“Carpe Diem, Quam Minimum Credula Postero”

Carpe Diem, Quam Minimum Credula Postero!

“Seize the day, put very little trust in tomorrow (the future)”.

I’m not very good at seizing the day as a whole at the moment. I’m tired and ache, I think the product of trying to reduce medication on my own just to see the effect it has. However rather than seizing whole days I have tried to seize moments in each day. This is achievable and although isn’t much it’s something.  Two particular incidents stick in my mind, both with the same initial conversation but with different people but similar results.

Like most of us I guess...

Like most of us I guess , I find myself pondering about people that I pass on the street or who pass me. I wonder what is going on in their lives and who they are ,what makes them tick. In the past few months I have been particularly drawn to two older ladies that intrigued me on a very superficial level. Both had grey hair one beautifully long and the other in a very shaped precise bob. 

Now for those who know me ,you know I have been growing my hair now for 2 years after only ever having it long twice before in my entire life. I first had my hair cut at aged 11 and since then wore it anywhere between a near skull cap and a bob. As an adult I last grew my hair for my wedding nearly 24 years ago and managed it to just above my shoulder, wearing it in a French plait to get married . Now I haven’t yet found anyone else who did what I did on my wedding day and had my hair cut …. Yes at the reception … Went upstairs with long hair and came downstairs with a bob !! Dave, bless him, commented on my dress but didn’t notice the hair change ! Carpe Diem!

 

So seize the day, maybe an hour or just five minutes...

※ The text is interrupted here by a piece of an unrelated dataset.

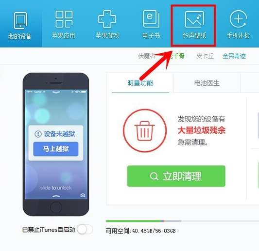 1、打开XY苹果助手后点击【铃声壁纸】。

Since that day I have always had short hair based on a old held belief that it was better. However whether it’s the passage of time or me just being more ME, I am again embracing long hair , albeit it with health warnings. Last night I nearly strangled myself as it wound round my neck ! Plaits are going to have to be a permanent arrangement to avoid midnight strangulations . However one of the reasons I never had long hair was I was told long hair was for younger people , you can’t have grey long hair ,too much bother etc.
Anyway, where am I going with this rambling ….. Back to the two older ladies who I encountered recently. Carpe Diem!

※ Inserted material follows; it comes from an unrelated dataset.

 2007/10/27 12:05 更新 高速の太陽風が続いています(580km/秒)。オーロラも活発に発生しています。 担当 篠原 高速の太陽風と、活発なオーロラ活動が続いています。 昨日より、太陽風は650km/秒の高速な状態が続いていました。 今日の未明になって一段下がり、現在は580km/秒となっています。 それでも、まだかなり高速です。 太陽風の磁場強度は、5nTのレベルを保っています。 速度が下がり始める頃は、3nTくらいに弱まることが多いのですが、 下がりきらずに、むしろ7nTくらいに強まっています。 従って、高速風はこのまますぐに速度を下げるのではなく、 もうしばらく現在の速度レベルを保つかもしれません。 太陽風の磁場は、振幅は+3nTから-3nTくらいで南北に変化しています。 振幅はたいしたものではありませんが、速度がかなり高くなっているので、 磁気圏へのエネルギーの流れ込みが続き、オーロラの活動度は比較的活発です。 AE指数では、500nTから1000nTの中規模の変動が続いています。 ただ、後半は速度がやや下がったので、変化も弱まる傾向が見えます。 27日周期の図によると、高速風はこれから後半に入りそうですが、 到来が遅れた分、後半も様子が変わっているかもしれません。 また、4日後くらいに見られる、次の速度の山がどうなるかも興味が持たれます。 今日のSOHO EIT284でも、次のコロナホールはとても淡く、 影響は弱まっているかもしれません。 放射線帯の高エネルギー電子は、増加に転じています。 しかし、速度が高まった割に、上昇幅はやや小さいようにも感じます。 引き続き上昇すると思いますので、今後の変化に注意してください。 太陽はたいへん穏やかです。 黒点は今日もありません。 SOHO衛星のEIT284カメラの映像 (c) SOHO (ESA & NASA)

The first was a very small lady who walked down a corridor in front of me ,with a wave of beautifully straight grey hair cascading down her back. It struck me how wonderful she looked and the way her husband looked at her he obviously felt the same ,with a gentle hand cradling and supporting her in the small of her back. She made her way down the corridor and I caught up with her in the shop. We exchanged smiles and I could have left it at that, but I wondered who had last told her how lovely she looked . So despite my initial worry of appearing silly I told her just that ” can I say how much I like your hair ” she beamed at me and we entered a conversation during which she told me how poorly she had recently been and had been advised to have her hair cut short whilst in hospital . However her husband had pleaded for her not to change it so she had left it. He had said he fell in love with her and her long hair many years ago and it was so much part of her, he didn’t want it taking away. We ended up holding hands and exchanging quite a long conversation at the end of which I don’t know who came away richer, me or her by a simple exchange of words. 

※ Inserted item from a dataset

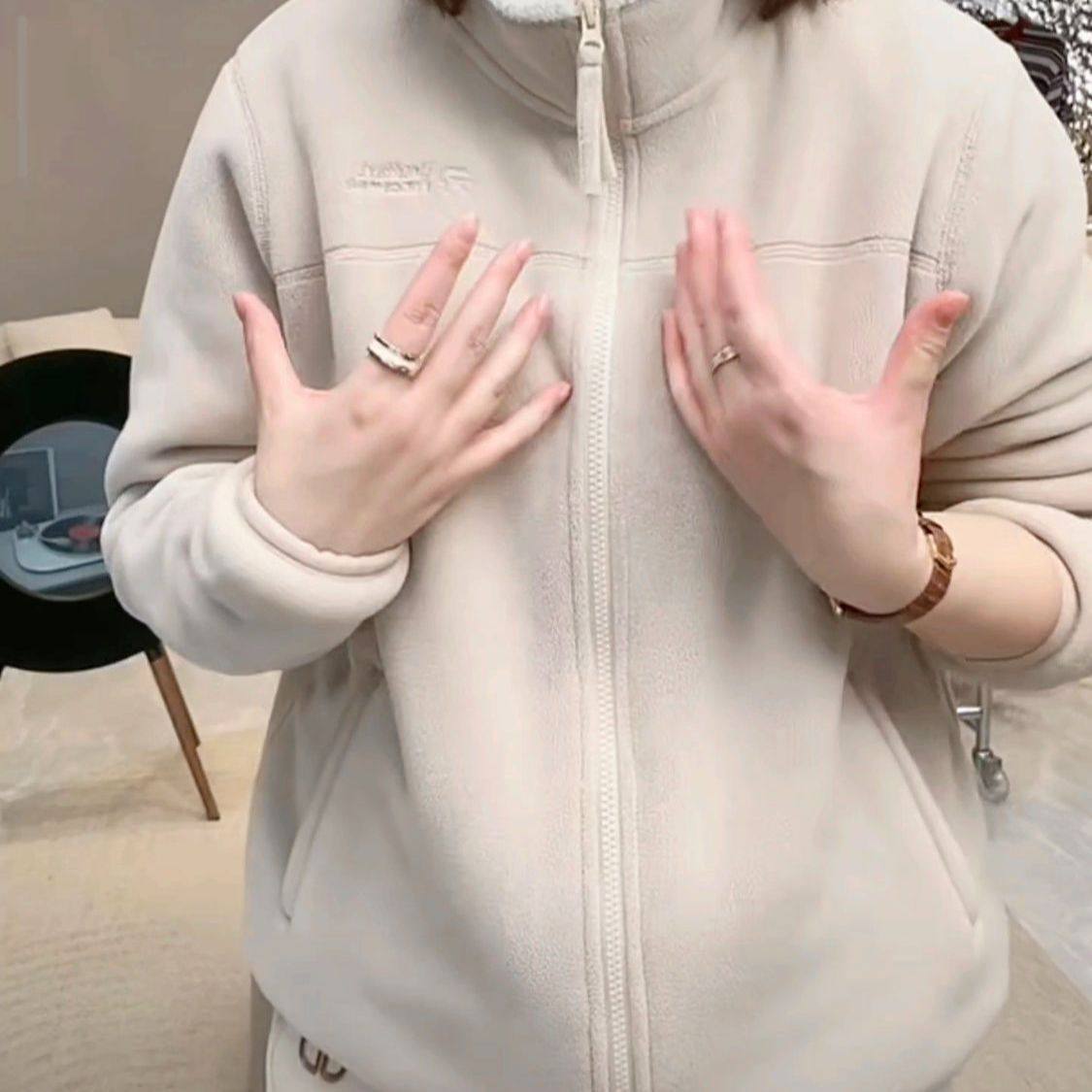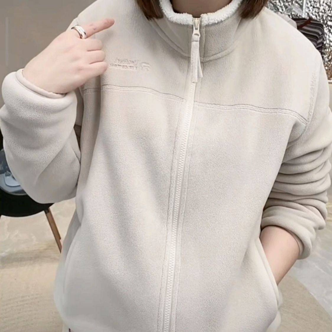 大码女装长袖宽松保暖卫衣秋冬季新款休闲百搭加绒加厚立领外套女

The second encounter happened earlier this week as I was in town, fitting in posting a parcel to a friend in my lunch break. I came up behind a very well dressed older lady with a floor length knitted dark grey coat. She had the most wonderful grey silver bob haircut, that was complemented by what she wore.
Again I wondered do I just have the private thought and rush on by or do I pause and take a chance with someone . So again I reached out, tapped her on the shoulder and just quietly said ” I’ve been walking behind you from the church and just wanted to let you know how lovely you look and wanted you to know.
After her initial relief that I wasn’t a stalker she surprised me next by grasping both my hands and bursting into tears. Oh good grief I thought what have I done .

She asked “did you really mean what you just said ?” 

“Yes” I said worried now about what I had started. She clasped both my hands and said ” that’s the most wonderful thing anyone has said to me in ages and thank you , you’ve made my day and week !” 

Turns out she had had a horrible Christmas with intensive chemotherapy and radiotherapy for aggressive cancer and her lovely hair was in fact a wig. She had been really worried it looked ridiculous but it looked wonderful and I wouldn’t have known. She walked off with much more of a sprightly step and waved to me as we parted.
So I seized part of days to share with 2 people. Also made me more determined to have very long hair when I’m old and to wear purple and not give a fig about about others say I should or shouldn’t be doing.

So seize, if not the day , just maybe the hour or even 5 mins. You never know what effect you might have on another human being. Carpe Diem!

Why I do the work I do...

Hopefully you’ve found this post interesting and I hope it gives you an insight as to why I run Heartfelt Ways.